In response to market changes, TikTok has adjusted its marketplace commission rates in Thailand, effective January 2025, increasing them by 110 basis points for Fashion and Electronics categories. In parallel, Shopee has made adjustments to its Mall rates in the Philippines and Indonesia for the upcoming year.

Morgan Stanley's analysis concluded that Sea Ltd remains their preferred e-commerce play in Asia.
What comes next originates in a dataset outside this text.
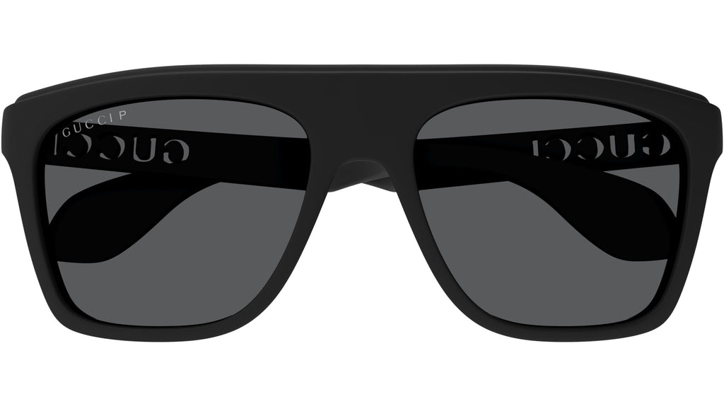 Occhiali da sole Gucci linea Lettering modello GG1570S rettangolari in iniettato codice colore 006 nero opaco con aste nero e lenti color grigio tinta unita.

The firm cited Sea's positive growth momentum and an improving track record of execution as key drivers that should continue to propel the company's stock price forward.

With a strong analyst consensus rating of 1.55 (where 1 is Strong Buy) and price targets ranging from $29 to $159, Sea Ltd presents an interesting investment opportunity. For deeper insights into Sea Ltd's valuation and growth prospects, including 18 additional ProTips and comprehensive financial analysis, visit InvestingPro.

In other recent news, Sea Ltd has been the focus of several analyst adjustments following its robust third-quarter earnings report. The company's revenue rose by 31% year-on-year to $4.3 billion, and its adjusted EBITDA increased to $521 million. The growth was observed across all three of Sea Ltd's main business segments.

Phillip Securities downgraded Sea Ltd's stock rating from Neutral to Reduce, despite increasing the price target to $100. The firm's analysts revised their forecast for the fiscal year 2024 earnings and revenue, raising them by 4% and 1% respectively. This revision was due to stronger-than-expected growth in two of Sea Ltd's segments, Shopee and SeaMoney.

In contrast, TD (TSX:TD) Cowen, Morgan Stanley, and Barclays (LON:BARC) all raised their price targets for Sea Ltd following the company's strong performance. TD Cowen increased the target to $100, while both Morgan Stanley and Barclays raised their targets to $131.

Sea Ltd's digital entertainment arm Garena and its Shopee platform both outperformed expectations, contributing to the revenue increase. The company's digital financial services business also displayed significant growth, with revenue growth jumping from 21% in the second quarter to 38% in the third quarter. The loan book growth in the same segment surged from 40% to over 70%, while maintaining a low non-performing loan ratio of 1.2%.